As discussed above, this negotiated extension of the CBA term has no legal
effect on the FVCLU-PTGWO's exclusive bargaining representation status which
remained effective only for five years ending on the original expiry date of January 30,
2003. Thus, sixty days prior to this date, or starting December 2, 2002, SANAMA-
SIGLO could properly file a petition for certification election. Its petition, filed on January
21, 2003 or nine (9) days before the expiration of the CBA and of FVCLU-PTGWO's
exclusive bargaining status, was seasonably filed.
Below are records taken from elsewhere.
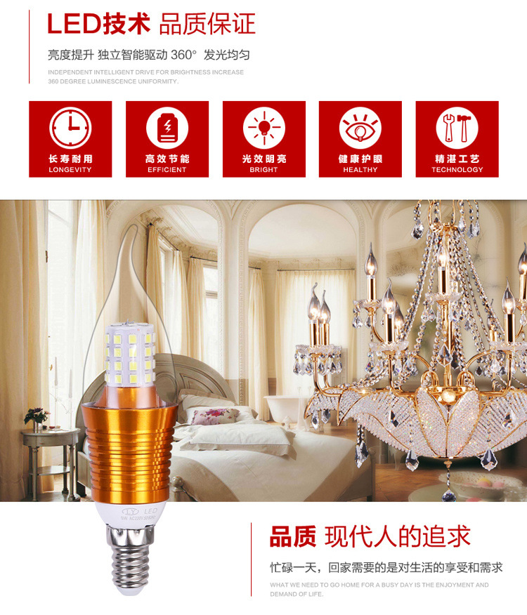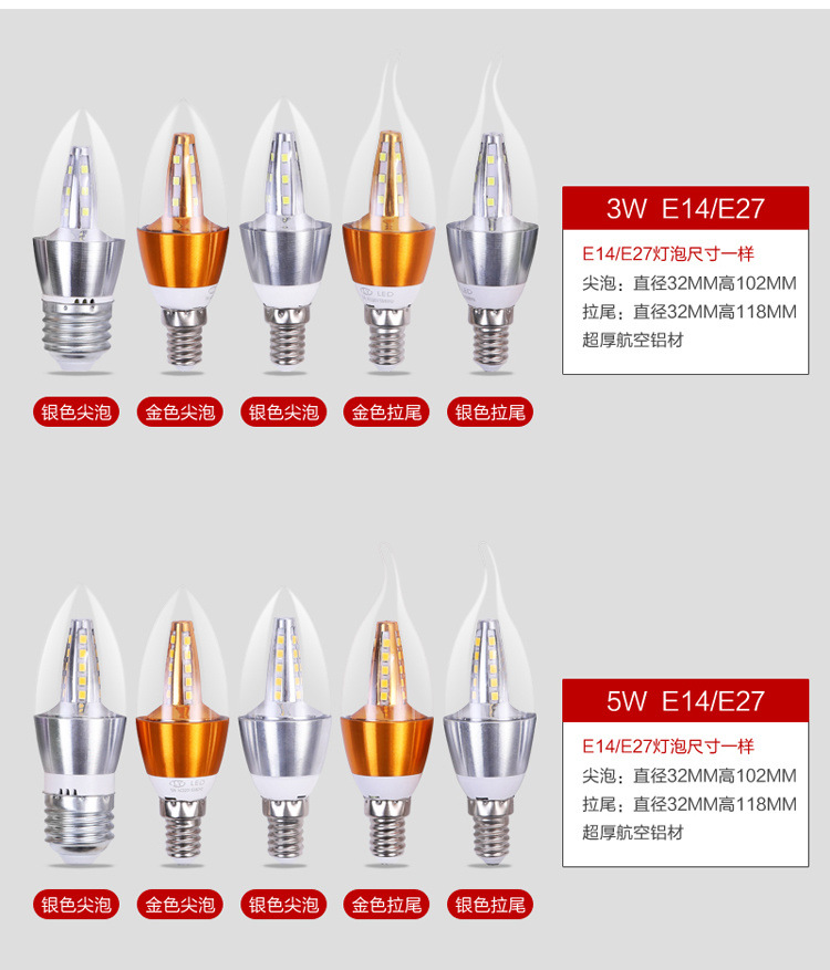 LED 촛불 전구 고휘도 E14 작은 나사 E27 풀 테일 팁 크리스탈 램프 샹들리에 3 색 변경 광원 도매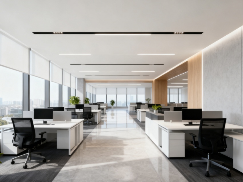 內(nèi)部空間遵循“功能優(yōu)先、分區(qū)清晰”原則,科學(xué)規(guī)劃開放辦公區(qū)、獨立辦公室、會議中心、休閑洽談區(qū)及配套服務(wù)區(qū)。開放辦公區(qū)采用模塊化布局,預(yù)留靈活拓展空間,滿足多人協(xié)作需求;獨立辦公室沿采光面排布,保障私密辦公體驗;會議中心配備智能影音系統(tǒng),適配不同規(guī)模會議場景;休閑區(qū)融入柔和軟裝與綠植,緩解辦公壓力。?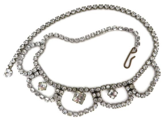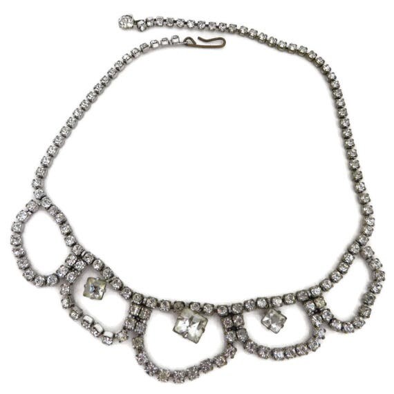 15% OFF coupon on Rhinestone Bridal Necklace, Vintage Silver Tone Rhinestone Statement Necklace, Formal Wear by LeesVintageJewels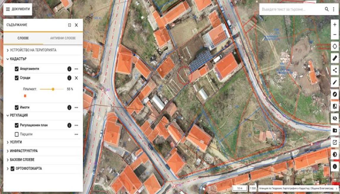 ГИС дава възможност за справки за конкретни имоти, зони или инфраструктура с видимост върху свързани регулации, ограничения и планове в реално време и без нужда от регистрация.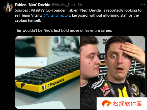 Neo:“据报道,Vitality的联合创始人Neo据称正寻求出售Vitality选手apEX的键盘,而未事先告知队员或队长本人。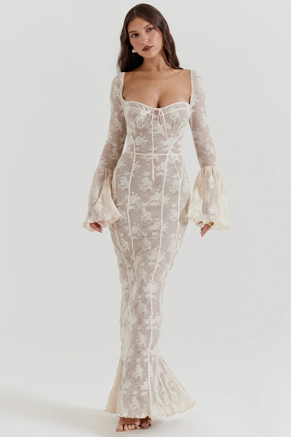 Introducing the Serena Maxi Dress, a timeless classic crafted from delicate dotted lace with luxurious satin trims. Underpinned by figure-hugging café au lait power mesh, it features underwired cups, a sweetheart neckline, and internal boning for a flattering silhouette.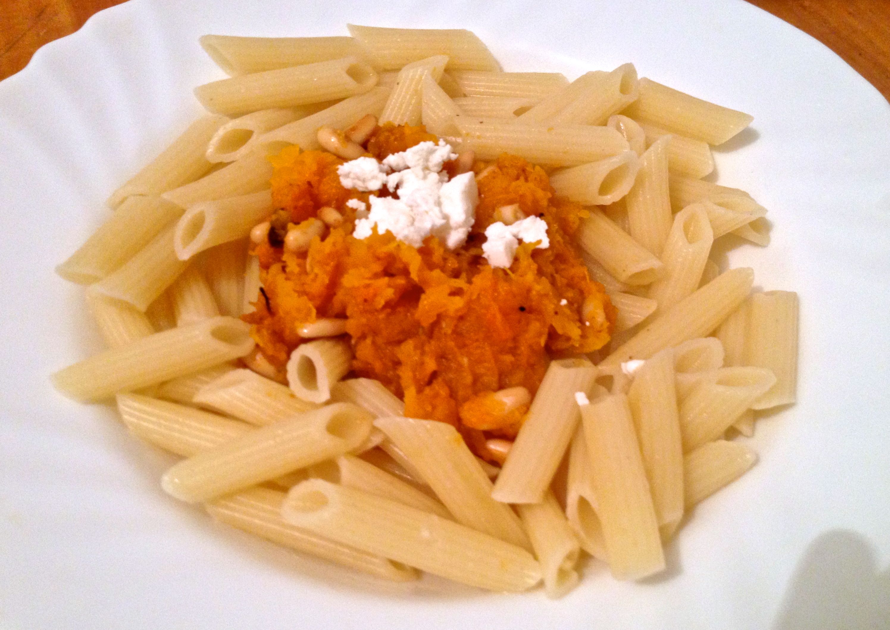 4. Divide the pasta and squash between four plates and sprinkle it with some salt, pepper and parmesan (we only had goat cheese but trust me, stick with parmesan).

We thus find no error in the appellate court's ruling reinstating the DOLE order for
the conduct of a certification election. If this ruling cannot now be given effect, the only
reason is SANAMA-SIGLO's own desistance; we cannot disregard its manifestation that
the members of SANAMA themselves are no longer interested in contesting the
exclusive collective bargaining agent status of FVCLU-PTGWO. This recognition is fully
in accord with the Labor Code's intent to foster industrial peace and harmony in the
workplace. DAETc C
SO ORDERED.
Carpio, Leonardo-de Castro, Del Castillo and Abad, JJ., concur.
Footnotes
2. Id. at 69-85. Penned by Associate Justice Mariflor P. Punzalan Castillo and concurred in
by Associate Justice Remedios A. Salazar Fernando and Associate Justice Noel G.
Tijam.
3. Id. at 94-96.
11. Omnibus Rules Implementing the Labor Code, Book V, Rule XI, Section 11 (11b).
20. Caneland Sugar Corporation v. Alon, et al., G.R. No. 142896, September 12, 2007,
533 SCRA 29; Manalo v. Calderon, G.R. No. 178920, October 15, 2007, 536 SCRA
2007; See Acop v. Guingona, G.R. No. 134855, July 2, 2002, 383 SCRA 577; 433 Phil
62 (2002).
22. G.R. No. 111262, September 19, 1996, 262 SCRA 81.